In den USA sind seit Jahren Bestrebungen im Gang, den Kabelmarkt neuen Anbietern zugänglich zu machen. Der Prozess schreitet voran, und wir sind involviert. Aber es ist zu früh, etwas Konkretes mitzuteilen, ohne zu viel Hoffnung zu wecken. Nur so viel: Wir arbeiten hart daran.
—— Punkto Ertragskraft war 2006 und wird wohl auch 2007 ein Übergangsjahr. Geht es danach wieder aufwärts?

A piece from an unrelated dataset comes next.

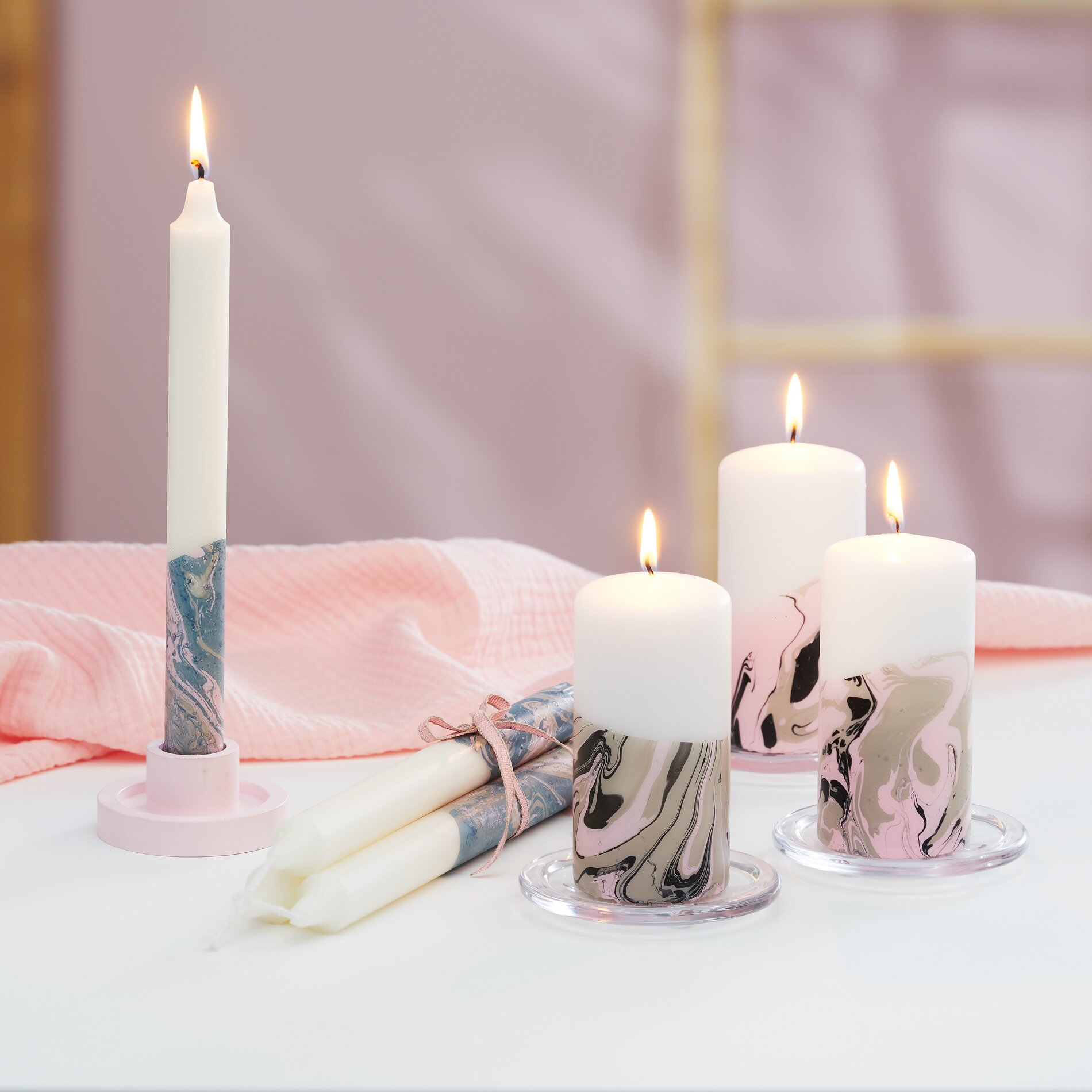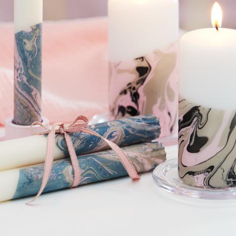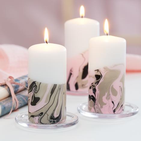 The candles are created using the "dip marbling" technique. Marbling is a particularly pleasant creative pleasure, but it can cause paint splashes and drips.

Zunächst möchte ich betonen, dass es keine verlorenen Jahre waren, in denen das Marktumfeld schwierig gewesen wäre oder wir schlecht gearbeitet hätten. Im Gegenteil, wir haben die guten Jahre genutzt und in die Zukunft investiert. Dafür haben wir Renditeeinbussen in Kauf genommen. Mit dem Resultat, dass wir mit Lösungen in IP- und Mobil-TV an vorderster Front sind.
—— Heisst das, ab 2008 dürften die Erfolge auch im Ertrag sichtbar werden?
Ja, ab 2008 können wir in Form von steigenden Margen ernten, was wir gesät haben. Doch wir werden immer Investitionsgelegenheiten wahrnehmen und die langfristigen Wachstumschancen über die kurzfristigen Renditeziele stellen.
—— Diesen Grundsatz haben Sie bereits früher befolgt, auch mit dem Aufbau von Public Access. Die Sparte hat zwar einen eindrücklichen Turnaround hinter sich, liefert aber weit tiefere Margen als Ihr Stammgeschäft Digital TV. Erwägen Sie, den Bereich zu verkaufen?
Nein, warum auch? Die Sparte ist nach der Restrukturierung bestens aufgestellt. Public Access hat mehr Wachstums- und Ertragspotenzial als früher.
—— Liquide Mittel haben Sie ja bereits genug. Sind weitere Akquisitionen geplant?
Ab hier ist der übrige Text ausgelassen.